In 2010-11, the lone season since 1972 that the Bruins won the Cup, the backline pounded away with a big, beefy wrecking crew of Zdeno Chara, Dennis Seidenberg, Johnny Boychuk, and Adam McQuaid. Those four averaged 75 games and totaled 533 hits, a tick better than seven hits per game.

There was a fear factor when going up against Big Z & Co. Not so today. That lingering element disappeare­d when Connor Clifton scooted out as an UFA to Buffalo over the summer. McAvoy can be that big rattlesnak­e back there, but his greater value is lugging the puck, leading transition and delivering points, which was true well before he had to dial back his hitting after l’affaire OE-L.

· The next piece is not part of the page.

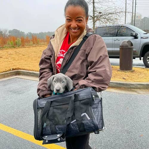 We hope you love our recommendations! While every product is independently chosen by our editors, BuzzFeed and our publishing partners may collect a share of sales or other compensation from the links on this page. You can read more about how our affiliate partnerships work in our Editorial Standards & Ethics Guide. Time to make traveling with your canine bestie as easy and comfortable (for *both* of you!) as possible. Traveling with your pup can sound fun, until it comes to the daunting task of choosing the right travel carrier for them. There are several boxes it should check, including being the right size, being able to withstand the rigors of travel, and making them feel safe and cozy (just to name a few!). As a dog momma myself, I'm always looking for pet travel products that'll make life easier for both of us. From sling carriers for the smaller pups to more safety-centered kennels for large dogs, I've curated a list of carriers that'll make traveling with your furry pal feel like the safe, stress free, *pawsitive* experience it should be — from the road to the sky and back home. Say hello to the crowd-pleaser of all dog carriers. It features mesh panels for ventilation, escape-proof locking zippers, top and side entries for easy loading, a waterproof interior base, a padded, detachable carrying strap, and a removable, machine-washable base liner. And! This baby's equipped with a patented spring wire frame that allows the rear end of the carrier to be pushed down several inches to easily fit under airplane seats in compliance with most major airline requirements. Reviewers say it leaves their pet plenty of room to move around, and one reviewer even mentioned their dog *chose* to sleep in there the entire night. Promising review: "Leading up to my Southwest flight, I was very nervous traveling with my four-month-old Goldendoodle. Thankfully, the bag worked out great! My Doodle weighs about 12 pounds, is 14 inches long, and is 11 inches tall. He was able to lie down in the bag and stand up with the zipper open when we were at the gate. We had an eight-hour journey with two-hour layovers both ways. My Doodle stayed calm in the bag 98% of the time with the help of some treats. I cannot recommend this bag enough. One pro tip that helped me the week leading up to the flight, I had my Doodle get into the bag for 15–20 minutes at a time and gave him treats so he was used to it once we got to the airport. I am very grateful to have had this bag for the trip." —Greg Reck Get it from Amazon for $42+ (available in three sizes). Shopping for a carrier on a budget doesn't have to mean sacrificing the most important factors of comfort and convenience, and this carrier proves it. It's designed with a four-sided mesh that not only makes it comfier and breathable for your pet, but also easy for you to check on them (and to ensure they can see you if they've got any separation anxiety!). It's also got two connecting loop handles for balanced carrying as a dual seat belt or luggage strap *and* has a super soft padded bottom. Who would've thought such an affordable carrier could give your pup such a tail-wagging experience? Promising review: "Love this! It is the perfect size for my 6-month-old pet. She loves it just as much and has gone inside to lie in it, which was so cute. The zippers work great! It’s roomy, no weird smell, definitely worth the money for sure! I love how you can open it up three ways! And, not only did they send this carrier, but they also added pet grooming wipes, which is awesome! I highly recommend this bag! I can easily store it in my closet until further use is needed! I can’t wait to take her to her vet appointment so she can get more use out of it. I purchased the bigger version of this so that she can grow into it and I won’t have to buy a bigger one later." —Shauna Wixson Get it from Amazon for $22.48+ (available in two sizes and six colors). The teacup-sized puppers are going to love this one! While airlines typically require a carrier with a more hard-sided construction, this is still great for using *at* your destination or long walks or train rides. Reviewers appreciate it for its thick, soft material and love that it gives their dog a large opening while still having a secure snap closure. It's also got an adjustable strap buckle, a big zipper pocket, and a safety back buckle. Sling carriers are also great for giving your pup the secure feeling of being carried by you without *actually* being carried by you. Promising review: "This is a great sling. I recently adopted a 6-pound chihuahua, and she’s fearful of people. This sling allows me to bring her out while still giving her a safe space. It’s been very helpful as we begin teaching her that people can actually be very nice. I ordered the medium so that she’d have some space, and I really think it’s the perfect size for her. I really like that it has snaps on the opening so that once she’s in, I can secure her, so only her head peeks out. The hook is a great feature as well, although we don’t need it. The thick strap is helpful on our walks, as even little dogs can get heavy, and the support is needed. I like that it’s so easy to adjust as well. My dog seems very happy and comfortable in it. Even though she’s fearful, she was happy in this sling right away. The lining is thin, so on cold days, I add a small blanket. Great quality, comfortable, easy to use, and my dog is happy. A+ from us!" —Heather Svoboda Get it from Amazon for $27.99+ (available in five sizes and eight colors). Pets that are too large to fly in the cabin of the airplane also deserve the safest, most comfortable experience possible. That's where this crate comes in! According to the brand, this kennel is the only double-walled crate on the market constructed with rotational molding. What does this mean? It means an exterior layer works to absorb the majority of an initial impact, and an interior wall provides another

By the way, headed into Saturday’s action, no fewer than six ex-Bruins (both forwards and defensemen) led their current team in hitting this season, including Clifton in Buffalo.

The other chart-toppers included: A.J. Greer (Calgary), Sean Kuraly (Columbus), Jeremy Lauzon (Nashville), Garnet Hathaway (Philadelph­ia), and Noel Acciari (Pittsburgh). In Anaheim, Frank Vatrano ranked second to Radko Gudas. In Carolina, Dmitry Orlov was second to Seth Jarvis.

Clearly, they all carried that Boston hitting spirit with them, forgetting to leave any behind on Causeway Street. How ungrateful.

Frederic, summoned to center duty, landed four hits on Saturday, as did rookie pivot Johnny Beecher. They are currently the lead hit dogs with 44 and 42, respective­ly. Forbort and Carlo each lead on the back end with 29. Neither one will come close to the 161 Seidenberg registered in 2010-11 as the top hitter on the Boston backline, only a half dozen behind Lucic’s team high.

Hitting alone doesn’t define success. For proof, we need look no further than the Bruins’ mark of 18-5-3 and that .750 point percentage. They often can win without it, and some nights here in the regular season seem committed to proving it.

Then comes a night like Thursday, with the Sabres in town, with the Bruins back end humming “The Skaters Waltz” each time Sabres forwards broke over the offensive blue line. What a sad tune that.

Overall, it’s an obvious departure from the tough-to-play-against and up-in-your-grill brand the Bruins have cultivated for decades. It’s also not an approach that promises success when the playoffs begin.

Right now, months away from the postseason, it remains a roster in need of more hitting, more ol’ tyme truculence, especially among the all-too-mild-mannered defensemen.